**PROBLEM:** Beginning with the line that contains "OLLIN Megapolis Безаммиачный", reproduce every line through the end of the records below exactly, and leave the pictures out.

**RECORDS SHOWN:**
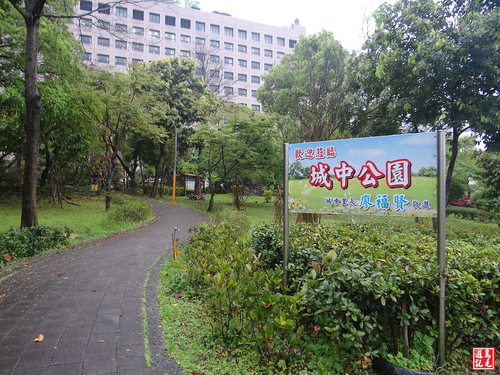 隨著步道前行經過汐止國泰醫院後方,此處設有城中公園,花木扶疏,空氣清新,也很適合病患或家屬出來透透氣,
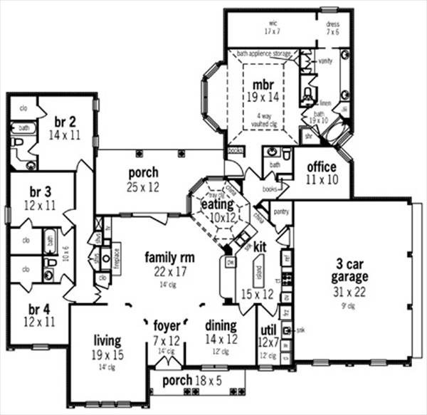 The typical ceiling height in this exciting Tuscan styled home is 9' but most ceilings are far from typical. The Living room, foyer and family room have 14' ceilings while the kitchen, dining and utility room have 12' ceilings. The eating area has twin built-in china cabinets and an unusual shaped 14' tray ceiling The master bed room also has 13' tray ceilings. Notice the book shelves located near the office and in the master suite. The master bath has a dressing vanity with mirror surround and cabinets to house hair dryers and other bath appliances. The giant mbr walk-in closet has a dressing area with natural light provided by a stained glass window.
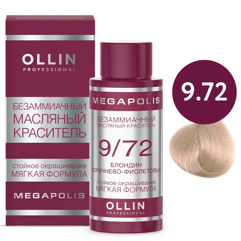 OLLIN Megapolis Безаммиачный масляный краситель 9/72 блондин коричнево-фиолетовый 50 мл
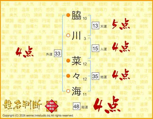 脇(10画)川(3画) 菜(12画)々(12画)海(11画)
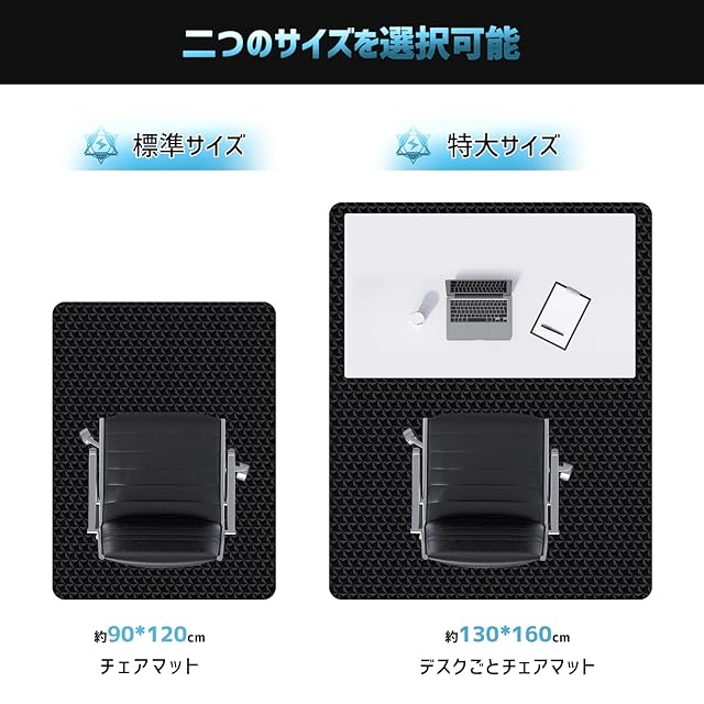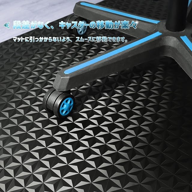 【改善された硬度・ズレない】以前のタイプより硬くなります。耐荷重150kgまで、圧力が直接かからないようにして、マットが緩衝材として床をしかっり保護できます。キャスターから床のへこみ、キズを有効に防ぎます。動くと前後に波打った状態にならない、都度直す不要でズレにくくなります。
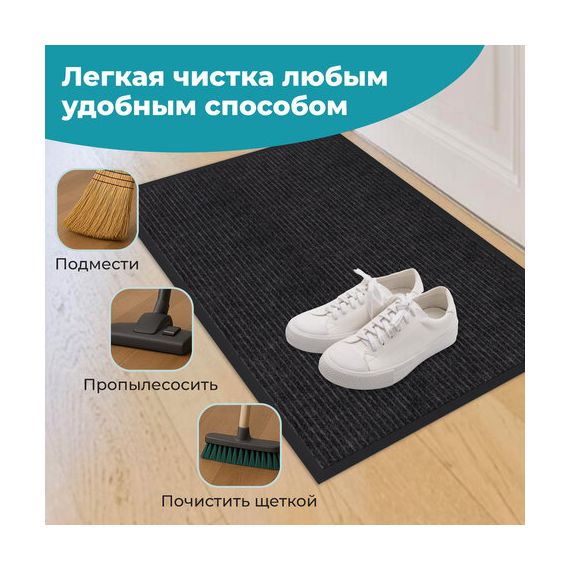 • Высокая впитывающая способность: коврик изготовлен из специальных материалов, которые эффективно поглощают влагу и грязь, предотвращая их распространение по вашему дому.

**ANSWER BELOW:**
 OLLIN Megapolis Безаммиачный масляный краситель 9/72 блондин коричнево-фиолетовый 50 мл
 脇(10画)川(3画) 菜(12画)々(12画)海(11画)
 【改善された硬度・ズレない】以前のタイプより硬くなります。耐荷重150kgまで、圧力が直接かからないようにして、マットが緩衝材として床をしかっり保護できます。キャスターから床のへこみ、キズを有効に防ぎます。動くと前後に波打った状態にならない、都度直す不要でズレにくくなります。
 • Высокая впитывающая способность: коврик изготовлен из специальных материалов, которые эффективно поглощают влагу и грязь, предотвращая их распространение по вашему дому.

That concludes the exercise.